Learning Git Internals with Rust

In this latest blog on Git internals with Rust, I will focus on the ls-tree command in Git. You can find the earlier posts here:

Part 1 — git init
Part 2 — git hash-object
Part 3 — refactoring
Part 4 — git cat-file

The ls-tree command is similar to doing an ls in a terminal emulator. It lists the contents of tree objects in Git. The Git object model looks like this (copied from Part 2)

git object tree

A commit object contains (among other things) a “pointer” to a tree object in the form of a SHA-1 hash (`01a2` in the diagram). The tree object contains entries referencing other Git objects at that level of the hierarchy of objects. Consider this directory structure

my_project/
  Cargo.toml
  src/
    main.rs
    commands.rs
    commands/
      ls_tree.rs

A tree object would have Cargo.toml and src as entries. The src entry would have a type tree which could then be used to recurse down and list additional tree entries (e.g. git ls-tree -r ... similar to ls -r).

$ git ls-tree c086
100644 blob 942a0dd92845b91f0ed99178b782729f233ea780    Cargo.toml
040000 tree 92bf6c48606cbce7b9c9fcc926b4421afb6ed386    src

Tree Object Format

The contents of a tree object follows the pattern we saw in Part 3 for other objects like blob objects --- a header followed by content, with the header and content separated by a null byte (0x0), with the header containing the object type (tree) and the length of the content.

For tree objects the content contains one or more “entries”. Each entry is itself split into two parts separated by a null byte --- the file permissions (i.e. “mode”) as octal-encoded bits typical for *nix systems (e.g. 100644 for Cargo.toml in the example above) and the file name in the first part, and after the null byte the 20 byte SHA-1 hash. This is the raw bytes, not ASCII-encoded (otherwise it would be 40 bytes, right). So a tree object looks something like

raw tree object

The ls-tree command also allows printing the size of the file with the -l/--long option e.g.

$ git ls-tree -l c086
100644 blob 942a0dd92845b91f0ed99178b782729f233ea780     535    Cargo.toml
040000 tree 92bf6c48606cbce7b9c9fcc926b4421afb6ed386       -    src

You may have noticed though that neither the object type nor the object length is actually contained in the description of the tree object entries. You are correct. To retrieve this information we have to take the object hash in each entry and read the referenced object to retrieve that info.

Luckily we know how to do that already from earlier posts. So let’s get to it.

Implementing ls-tree

Refactoring reading objects

First off we’re going to refactor some of the code from earlier posts to make our lives a little easier.
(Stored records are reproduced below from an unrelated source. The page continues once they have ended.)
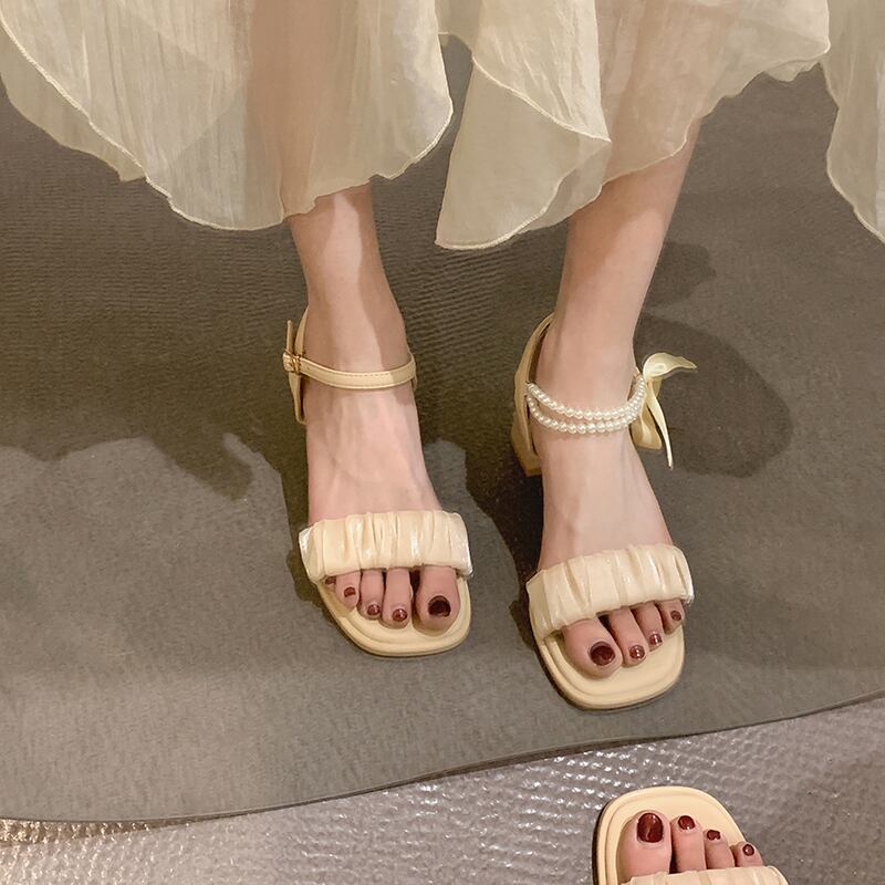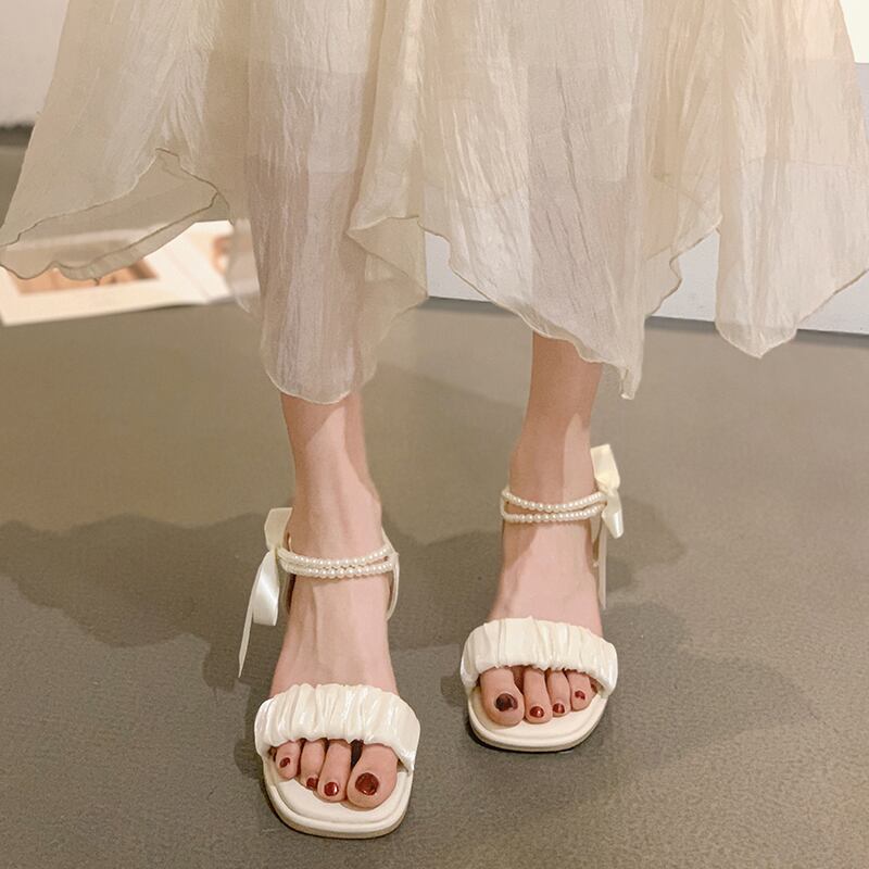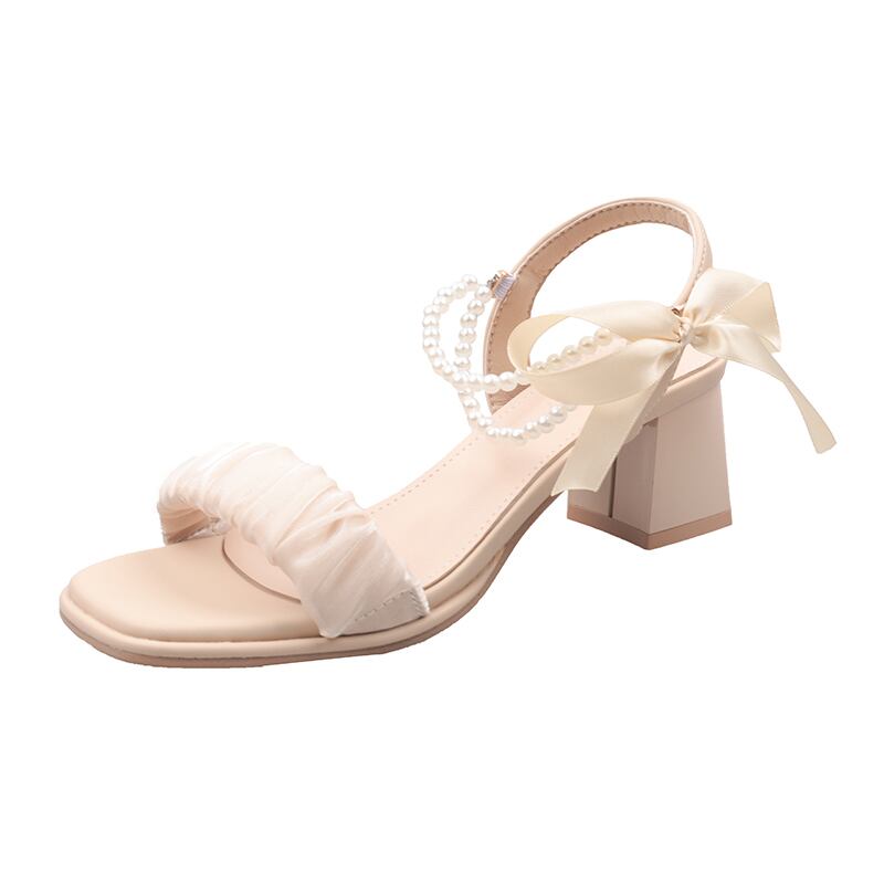 フェアリースタイルのサンダル女性の2022年夏の新しいスーパーファイアオールマッチパールレースアップ厚いヒール滑り止めハイヒール 靴 シューズ サマー 夏物 真珠 jxjxf30088232066
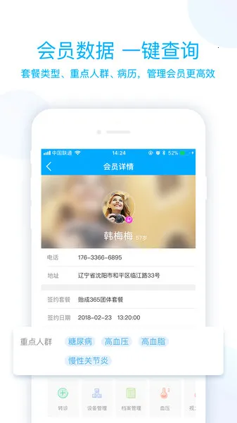 1、便捷操作:随时随地与患者在线交流,查看病历、开具处方等,还能进行签约统计、筛选人群及管理会员,提高工作效率。
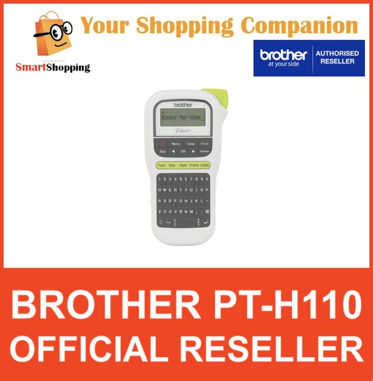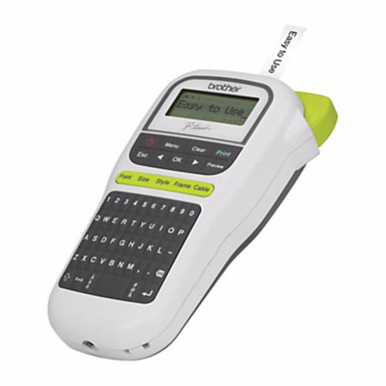 Portable P-touch label maker great for home, home office and on-the-go use. Features a QWERTY keyboard, convenient one-touch keys and an easy-view display to preview your labels before printing. Easily personalize your labels with 3 fonts, 14 frames, and over 250 symbols. Also organize your wires and cables with the useful cable labeling feature. Creates labels with 1 or 2 lines of text. Built-in memory stores up to 15 labels for fast reprinting. Uses durable, laminated easy-peel "TZe" tape up to 12mm (~1/2") wide. Powered by 6 AAA batteries or optional AC adapter (each sold separately). Includes 12mm starter tape.
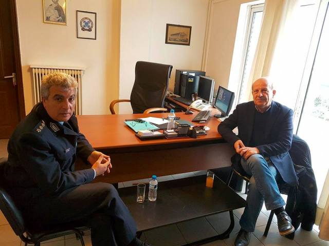 Την Αστυνομική Διεύθυνση Τρικάλων επισκέφθηκε ο βουλευτής Σιμορέλης Χρήστος,όπου είχε συνάντηση με τον νέο Αστυνομικό Διευθυντή κ. Σπηλιόπουλο Γεώργιο,αλλά και υπηρεσιακούς παράγοντες.Ευχήθηκε στον νέο Αστυνομικό Διευθυντή για την ανάληψη των καθηκόντων του και συζήτησαν θέματα που αφορούν την λειτουργία και τις ανάγκες της υπηρεσίας και εξέφρασε τη στήριξη του στο προσωπικό άνδρες και γυναίκες της Υπηρεσίας,που καθημερινά δίνουν τον καλύτερό τους εαυτό για την ασφάλεια και προστασία των συμπολιτών μας.
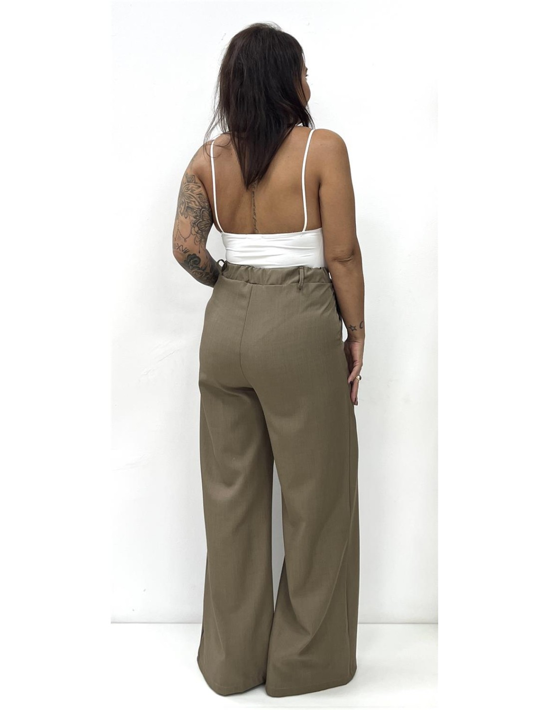 Pantalón recto con pinzas. Su talla puede dar desde una 36 hasta una 40. Combinado con el body HERMILA
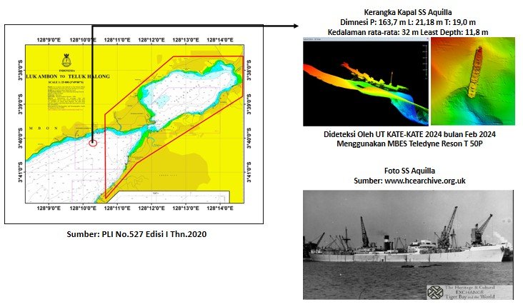 Kerangka kapal baru yang terdeteksi di sekitar Perairan Dermaga Pertamina Ambon pada kedalaman 32 m dan least depth 11,8 m. Dimensi kerangka kapal menurut data MBES adalah panjang 163,7 m lebar 21,8 m dan tinggi 19 m. Berdasarkan hasil wawancara dari penyelam lokal, kerangka tersebut adalah SS Aquilla yang tenggelam pada tahun 1958. Selain itu, UT Kate-Kate juga berhasil mendeteksi kerangka kapal terbang yang ada di Teluk Halong pada kedalaman perairan 26 m.
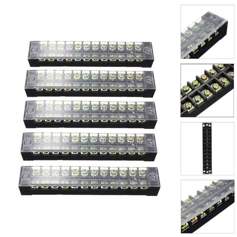 Summer-Home 5Pcs 15A 600V 12 Position Covered Dual Row Screw Terminal Barrier Strip Block Connector Bar
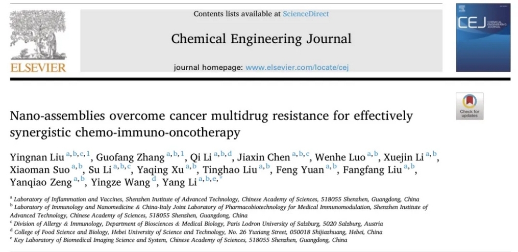 Chemical Engineering Journal | 新型纳米组装体为增强化疗-免疫协同治疗提出新策略
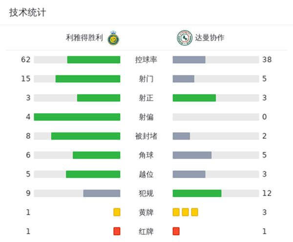 全场结束,利雅得胜利1-0达曼协作,晋级八强。

I have extracted the object reading code into its own module and struct, moving it from the util module.

#[derive(Debug, PartialEq)]
pub(crate) enum GitObjectType {
    Blob,
    Tree,
    Commit,
}
 
pub(crate) struct GitObject<'a> {
    pub(crate) kind: GitObjectType,
    pub(crate) sha1: &'a str,
    pub(crate) size: usize,
    pub(crate) body: Option<Vec<u8>>,
}
 
impl GitObject<'_> {
    pub(crate) fn read(obj_id: &str) -> GitResult<GitObject> {
        trace!("read({obj_id})");
        let path = find_object_file(obj_id)?;
        let file = std::fs::File::open(path)?;
        let reader = BufReader::new(file);
        let contents = GitObject::decode_obj_content(reader)?;
        let mut header_and_body = contents.splitn(2, |b| *b == 0);
        let header = header_and_body.next().unwrap();
        let body = header_and_body.next().unwrap();
        let (obj_type, size) = GitObject::get_object_header(header)?;
 
        Ok(GitObject {
            kind: obj_type.into(),
            sha1: obj_id,
            size,
            body: Some(body.to_vec()),
        })
    }
 
    fn get_object_header(content: &[u8]) -> GitResult<(String, usize)> {
        let header = &mut content.splitn(2, |x| *x == b' ');
        let obj_type = bytes_to_string(header.next().unwrap());
        let obj_len_bytes = header.next().unwrap();
        match u8_slice_to_usize(obj_len_bytes) {
            None => Err(GitError::ReadObjectError),
            Some(obj_len) => Ok((obj_type, obj_len)),
        }
    }
 
    fn decode_obj_content(mut reader: impl BufRead) -> GitResult<Vec<u8>> {
        let content: &mut Vec<u8> = &mut Vec::new();
        let _ = reader.read_to_end(content)?;
        let mut decoder = ZlibDecoder::new(&content[..]);
        let mut decoded_content: Vec<u8> = Vec::new();
        decoder.read_to_end(&mut decoded_content)?;
 
        Ok(decoded_content)
    }
}

A couple of the utility functions from util came along and are now part of the GitObject implementation. The GitObject read() method only decodes the object header, since they are all the same. The content specific to a specific type of Git object is stored as bytes in the body field of the GitObject struct. The util.rs module now essentially just contains stuff related to finding Git directories.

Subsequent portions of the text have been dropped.